■ **TRY IT**: Your answer must be a word-for-word copy of the listing below, minus its pictures.

■ **DATA BELOW**:
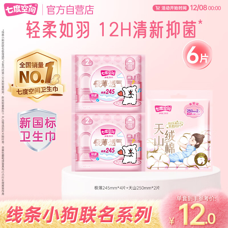 七度空间 天山绒棉线条小狗极薄透气试用装6片
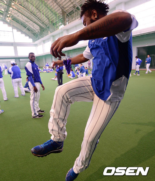 민족대명절 설을 맞아 선수단이 코칭스태프, 투수, 야수, 프런트 팀으로 나워 제기차기 내기를 했다. 나바로가 피가로가 보는 앞에서 제기차기 시범을 선보이고 있다.
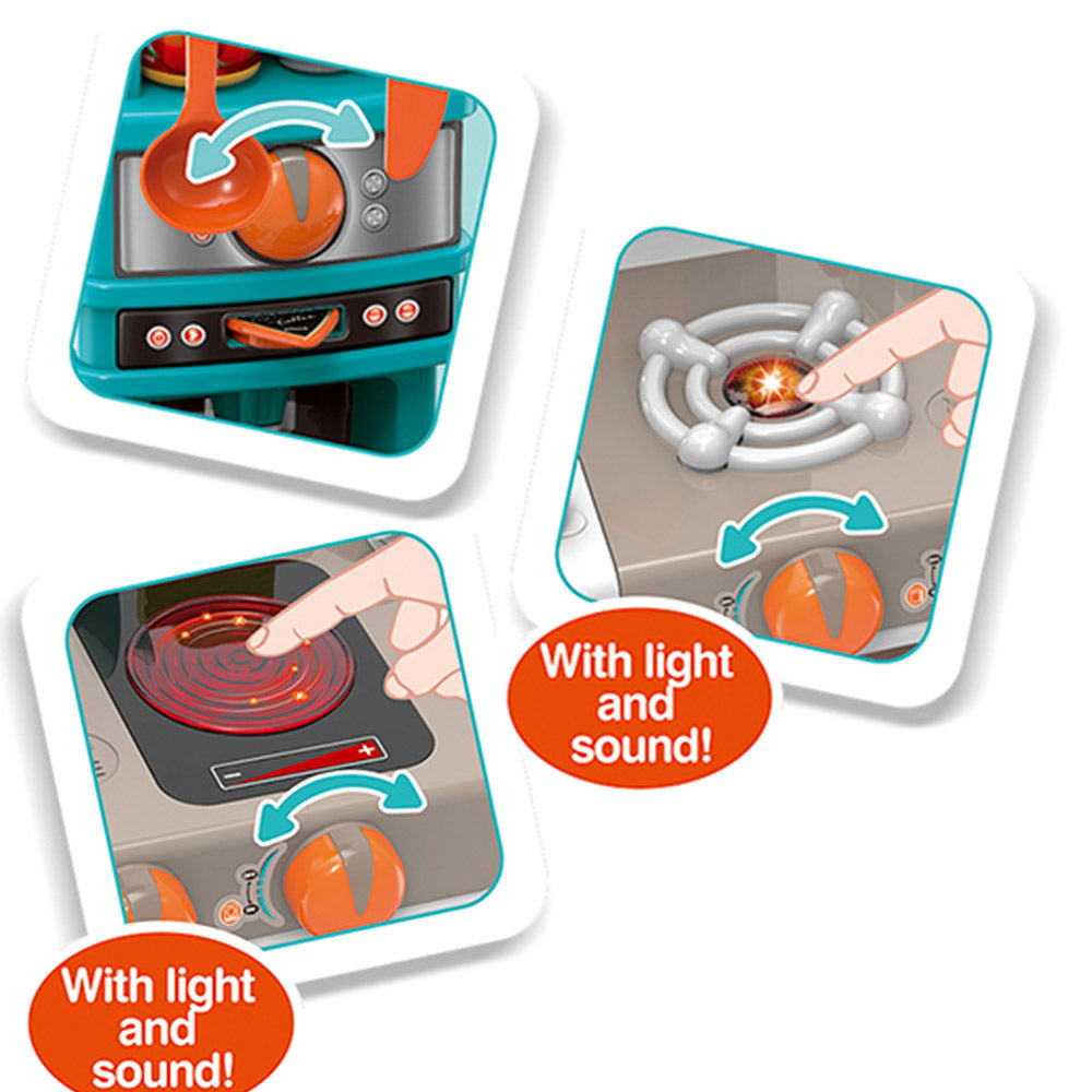 Cucina Giocattolo Bambini con Luci e Suoni 34 Accessori Gioco 87x78x29cm Azzurro

■ **RESPONSE TO THIS EXERCISE**:
 七度空间 天山绒棉线条小狗极薄透气试用装6片
 민족대명절 설을 맞아 선수단이 코칭스태프, 투수, 야수, 프런트 팀으로 나워 제기차기 내기를 했다. 나바로가 피가로가 보는 앞에서 제기차기 시범을 선보이고 있다.
 Cucina Giocattolo Bambini con Luci e Suoni 34 Accessori Gioco 87x78x29cm Azzurro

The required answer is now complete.